İnsan nefsi her türlü olumsuz hisse açıktır çünkü dünya bir denenme yeridir. Allah dünyadaki imtihana özgü olarak nefsimizi negatif duygulara yatkın yaratmıştır. Kızmak, öfkelenmek, küsmek, darılmak, üzülmek, kıskanmak, intikam alma isteği, bunların hepsi imtihanın bir gereği olarak ruhumuza hissettirilir.
İmanlı, Allah’tan korkan, Allah’ı çok seven insanların üstünlüğü bu duygulara karşı gösterilen iradeyle ortaya çıkar.
Hemen her insana doğduğu andan itibaren bilinçsizce verilen bir telkin vardır: Ruhunda ne hissederse ona göre tepki vermek. Örneğin bir çocuk canı sıkılıyorsa, yüzünü asıp oturması gerektiğini öğrenir. Kızdığında, bağırması, kontrolsüz hareketler yapması sözle olmasa da halle ona öğretilir. Üzüldüğünde ağlamanın normal olduğu düşüncesi aşılanır.
Olumsuz da olsa bu tepkilerin ortak olması ve hemen herkeste görülmesi çocukların kötü ahlaka kolayca adapte olmasına neden olur. Bu gibi kişiler hayatları boyunca da çocukluktan edinilen bu olumsuz tecrübelerin acısını çekerler.

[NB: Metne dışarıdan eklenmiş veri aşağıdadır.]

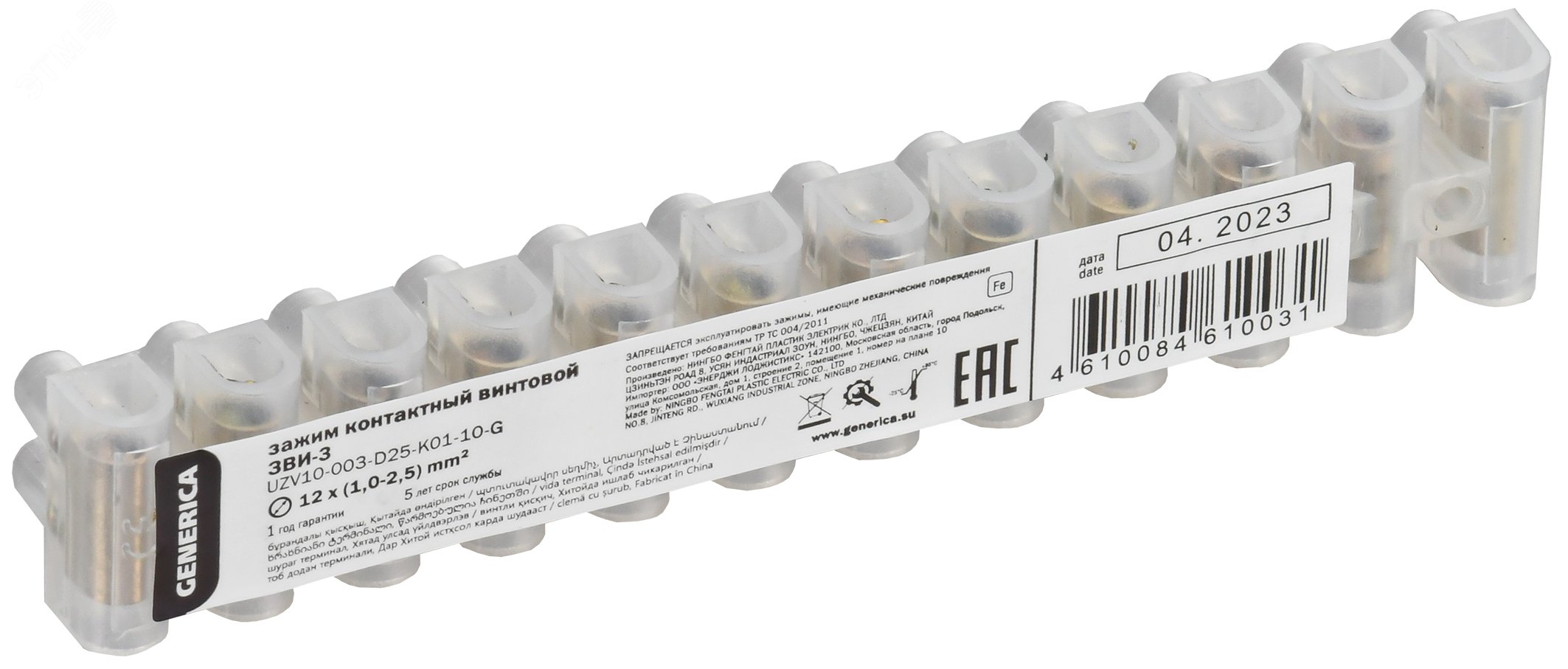 Колодка клемная ЗВИ-3 1,0-2,5мм2 (12пар) белый GENERICA IEK *10/1000

Halbuki Allah Kuran’da bizlere “Nefse ve ona ‘bir düzen içinde biçim verene’, sonra ona fücurunu (sınır tanımaz günah ve kötülüğünü) ve ondan sakınmayı ilham edene (andolsun).” (Şems Suresi, 7-8) diye bildirmektedir. Nefsimizdeki kötülükler dünyadaki imtihanın bir gereğidir ancak bizlere o kötülüklerden sakınmamız için bir vicdan da verilmiştir. Allah bizim negatif hislere karşı vicdanımızı kullanıp en güzel, en asil, Kendi sevgisini en çok hak edeceğimiz ahlakı göstermemizi ister.
Zaten insan hayatı, vicdan kullanılarak, nefsin kötülükleriyle sürekli mücadele etmekle şekillenir. Ölene kadar da bu nefs mücadelesi devam eder.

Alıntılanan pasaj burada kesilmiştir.